WHAT YOU SHOULD DO: Set down the data below exactly; pictures stay out.

INFORMATION SUPPLIED:
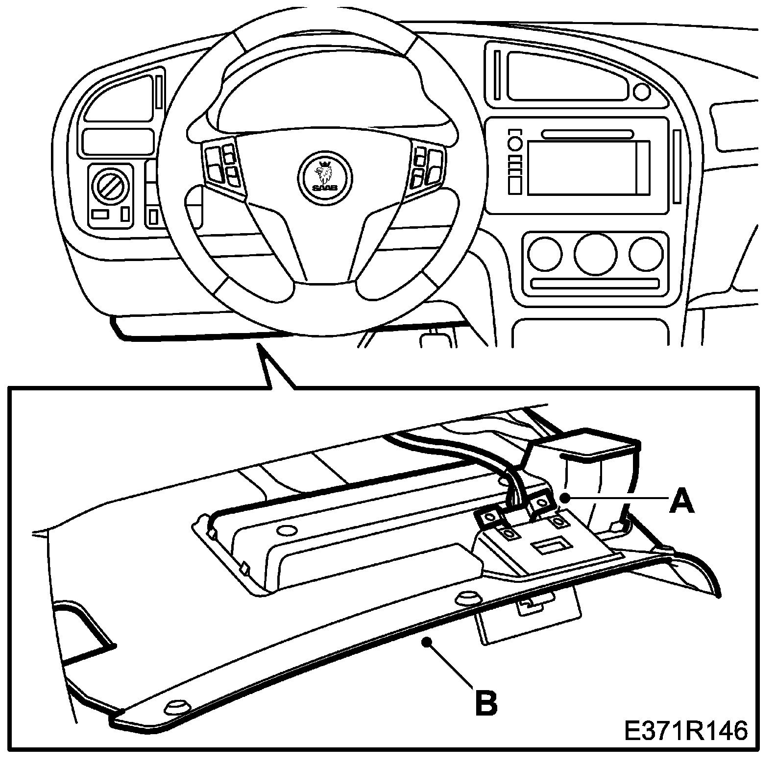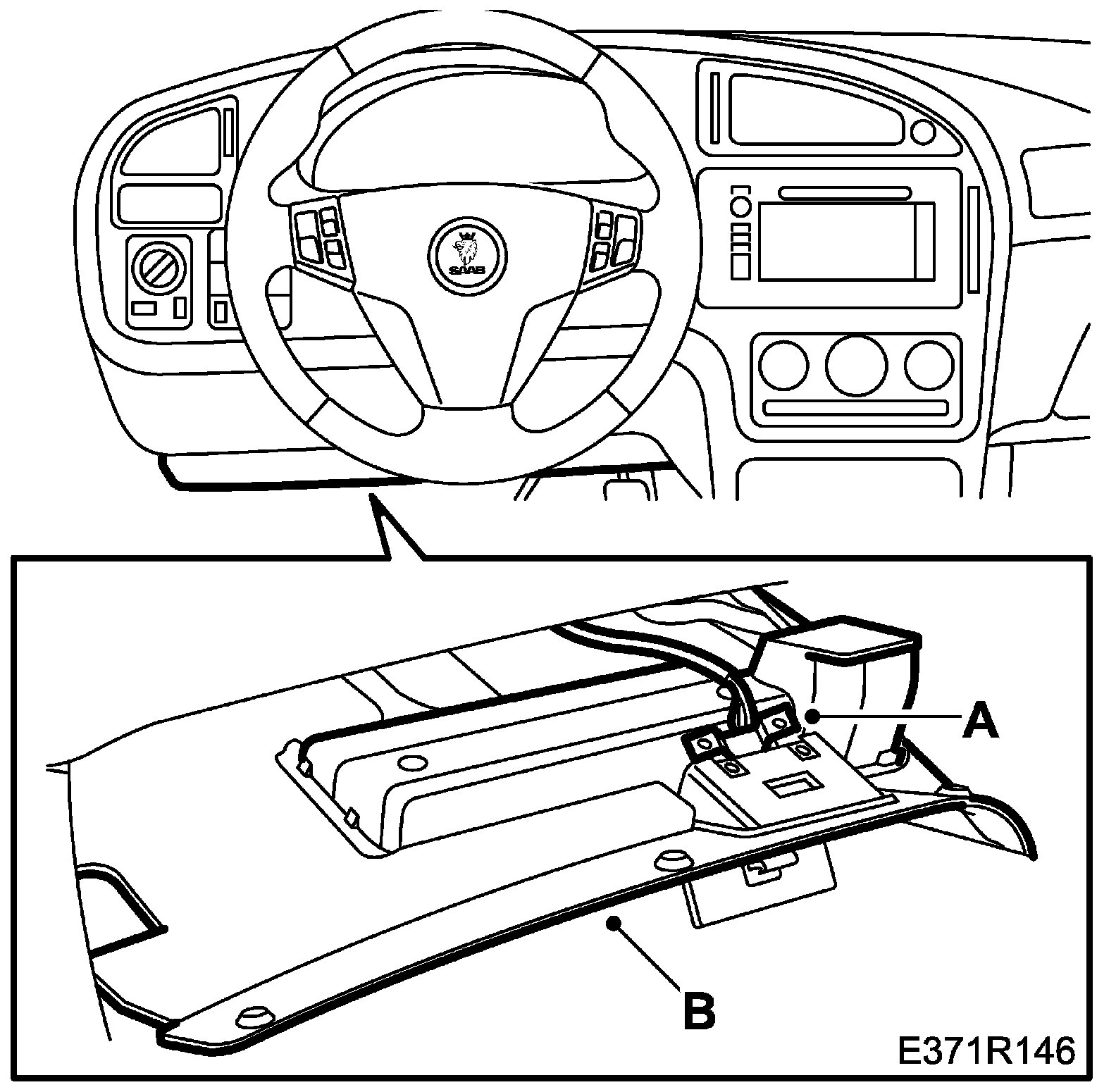10. Attach the switch for the airbag control module (A), and attach the wiring harness fixing (B).
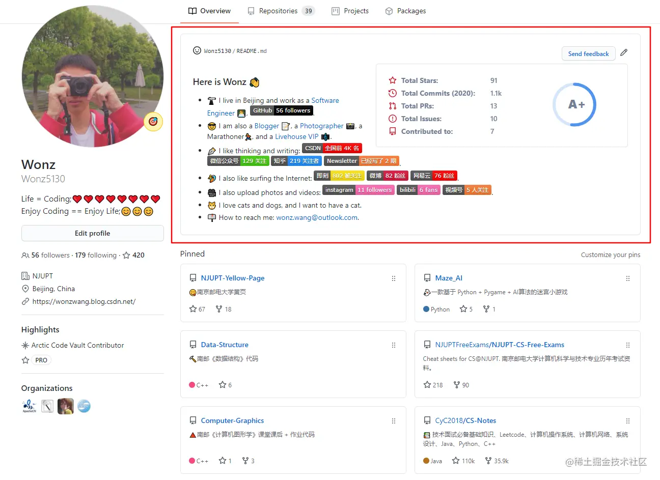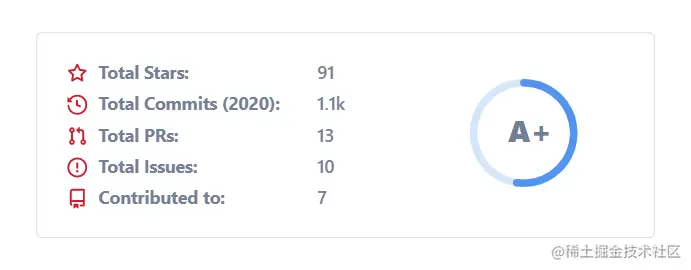 在浏览 GitHub 项目的时候,经常可以发现下图所示的 数据牌 展示。我们完全可以使用 数据牌 进行美化自己的 profile。
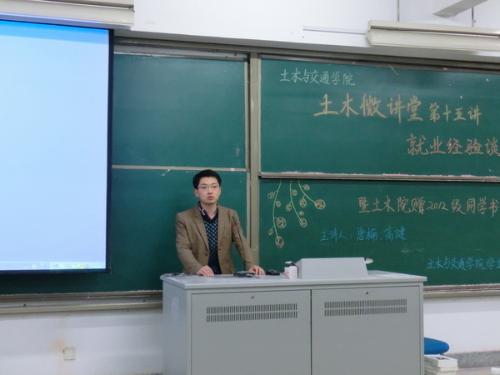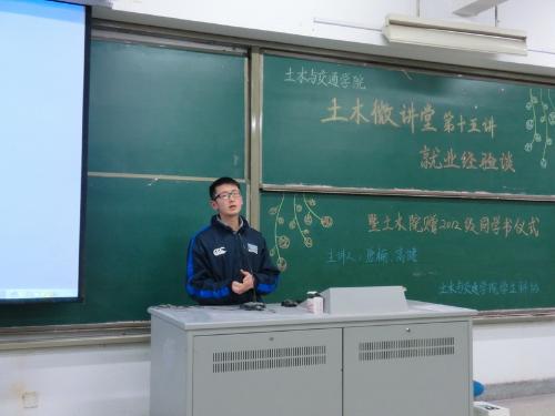 2015年11月10日19:00,土木与交通学院“土木微讲堂”第十五讲之“就业经验谈”暨学院赠2012级同学专业书籍仪式在本部闻天馆303成功举办。本次微讲堂邀请了已参加工作的2010级土木工程专业本科毕业生高健和唐楠学长作为主讲人,为学院2013级和2014级的同学们分享了自己的就业经验。

TASK OUTPUT:
10. Attach the switch for the airbag control module (A), and attach the wiring harness fixing (B).
 在浏览 GitHub 项目的时候,经常可以发现下图所示的 数据牌 展示。我们完全可以使用 数据牌 进行美化自己的 profile。
 2015年11月10日19:00,土木与交通学院“土木微讲堂”第十五讲之“就业经验谈”暨学院赠2012级同学专业书籍仪式在本部闻天馆303成功举办。本次微讲堂邀请了已参加工作的2010级土木工程专业本科毕业生高健和唐楠学长作为主讲人,为学院2013级和2014级的同学们分享了自己的就业经验。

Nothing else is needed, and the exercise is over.